▶ [STORED DATA]
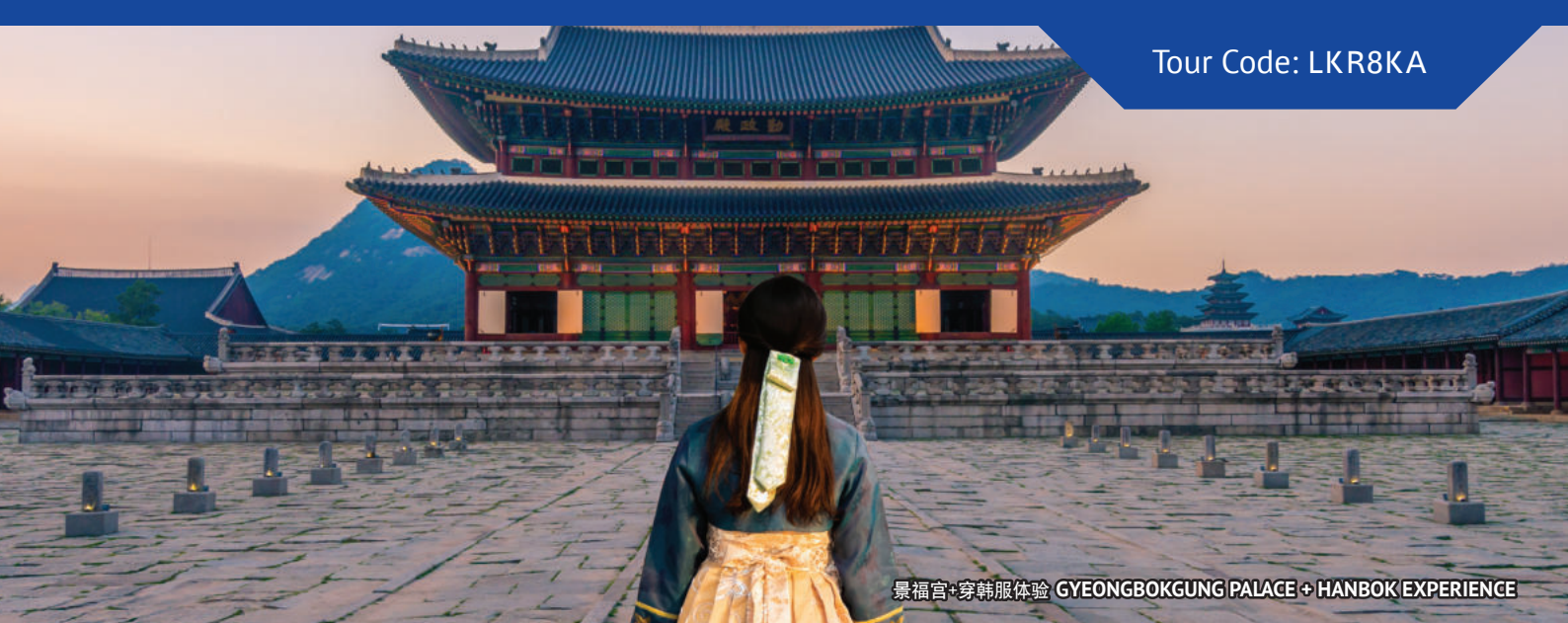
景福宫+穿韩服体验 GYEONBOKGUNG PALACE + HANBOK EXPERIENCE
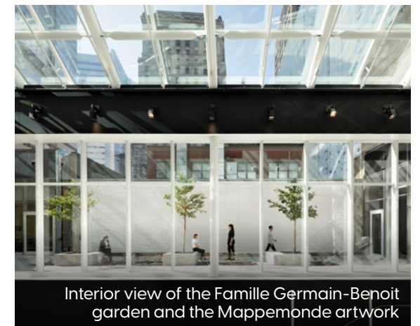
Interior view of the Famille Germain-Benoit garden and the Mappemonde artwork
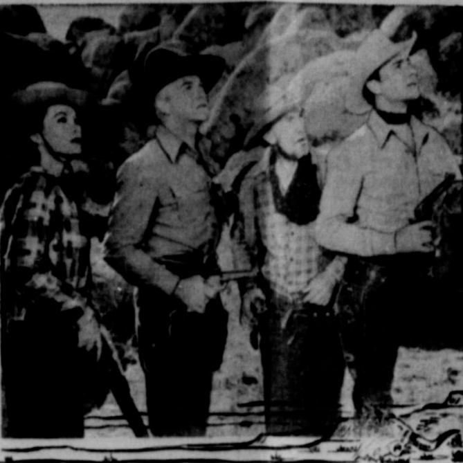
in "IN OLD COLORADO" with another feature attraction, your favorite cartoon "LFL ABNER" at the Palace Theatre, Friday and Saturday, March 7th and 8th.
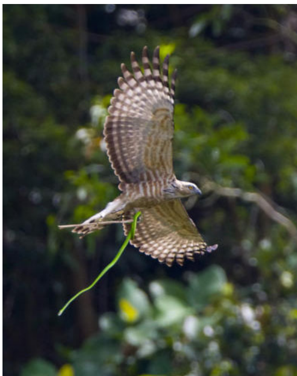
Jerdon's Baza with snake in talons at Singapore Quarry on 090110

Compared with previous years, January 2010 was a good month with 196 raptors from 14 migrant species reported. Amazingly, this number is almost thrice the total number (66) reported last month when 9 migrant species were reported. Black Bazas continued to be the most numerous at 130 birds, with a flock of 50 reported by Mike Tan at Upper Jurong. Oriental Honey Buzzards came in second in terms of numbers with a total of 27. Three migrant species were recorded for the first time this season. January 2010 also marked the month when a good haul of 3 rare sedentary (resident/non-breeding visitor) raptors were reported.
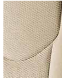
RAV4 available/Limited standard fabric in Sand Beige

--

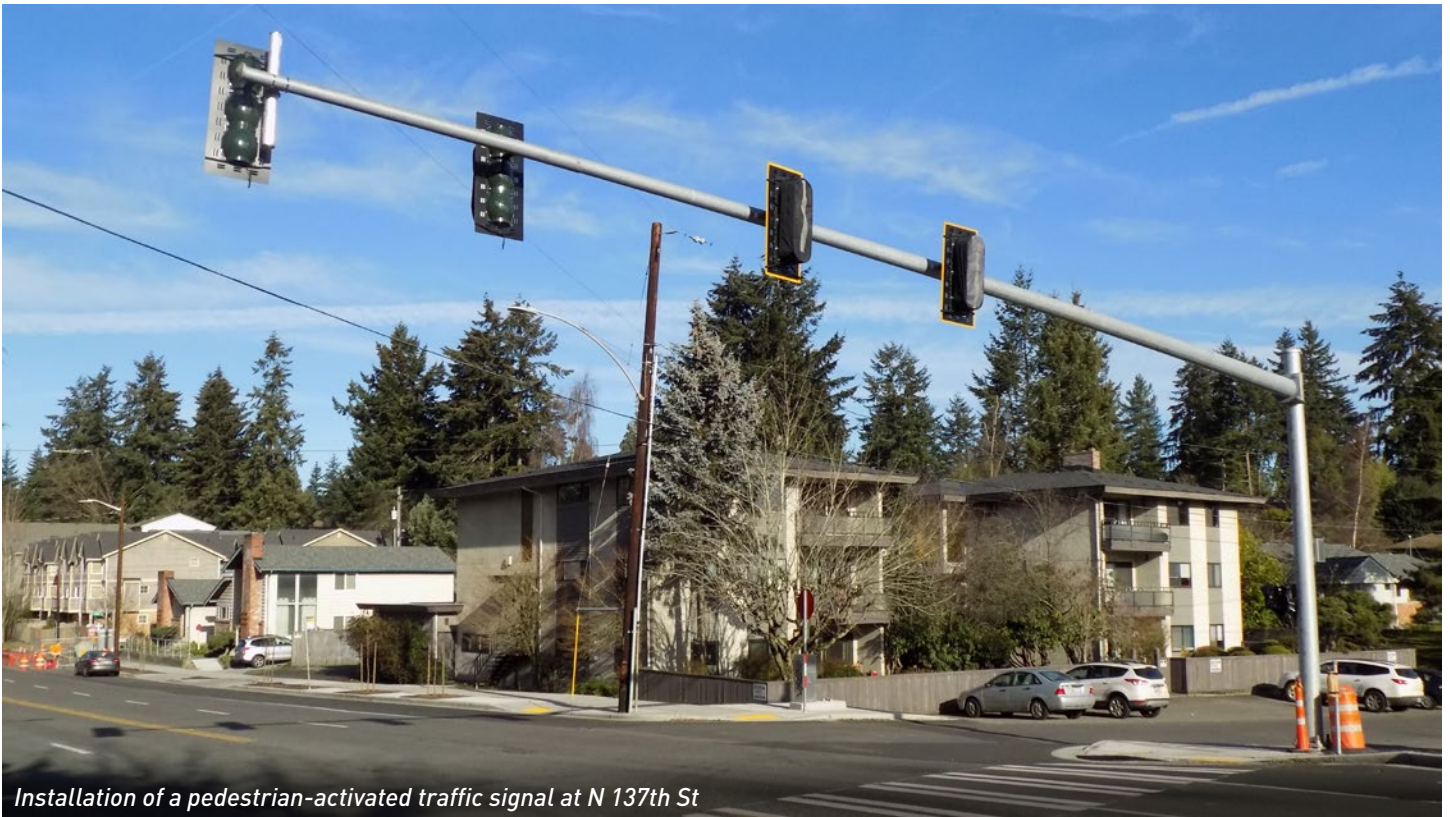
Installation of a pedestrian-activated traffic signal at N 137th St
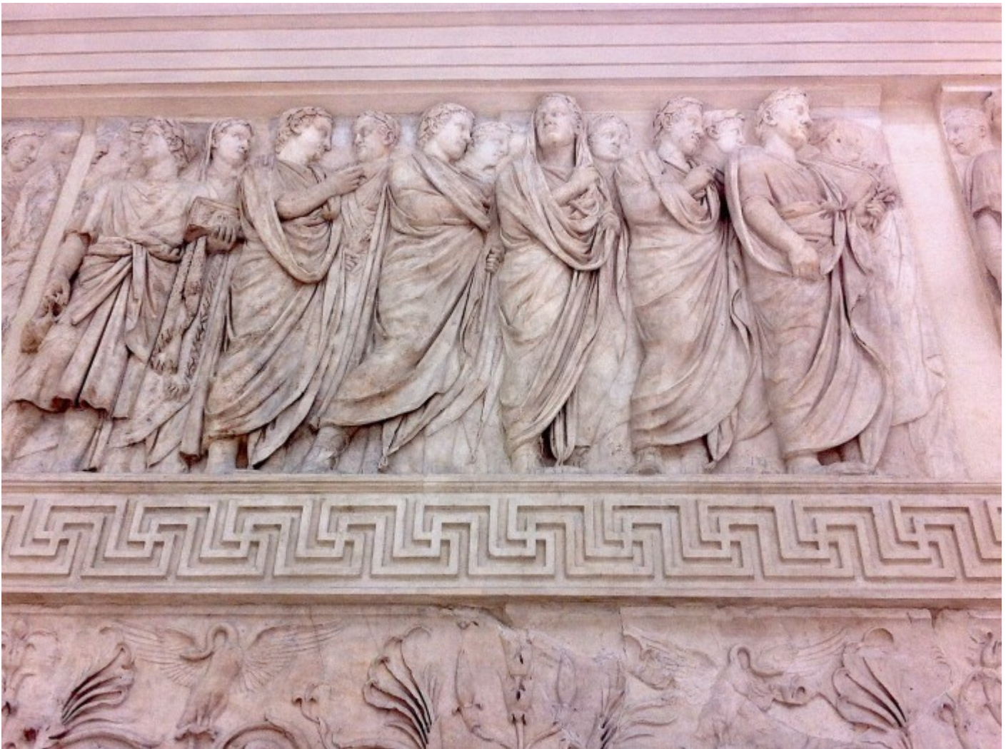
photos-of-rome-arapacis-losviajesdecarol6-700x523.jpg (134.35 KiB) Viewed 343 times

▶ [TASK PROMPT]
Output exactly, and only, the lines of the entries above from the one with "Installation of a" up to and including the one with "Viewed 343 times"; pictures are to be left out.

▶ [RESPONSE TO THE EXERCISE]
Installation of a pedestrian-activated traffic signal at N 137th St
photos-of-rome-arapacis-losviajesdecarol6-700x523.jpg (134.35 KiB) Viewed 343 times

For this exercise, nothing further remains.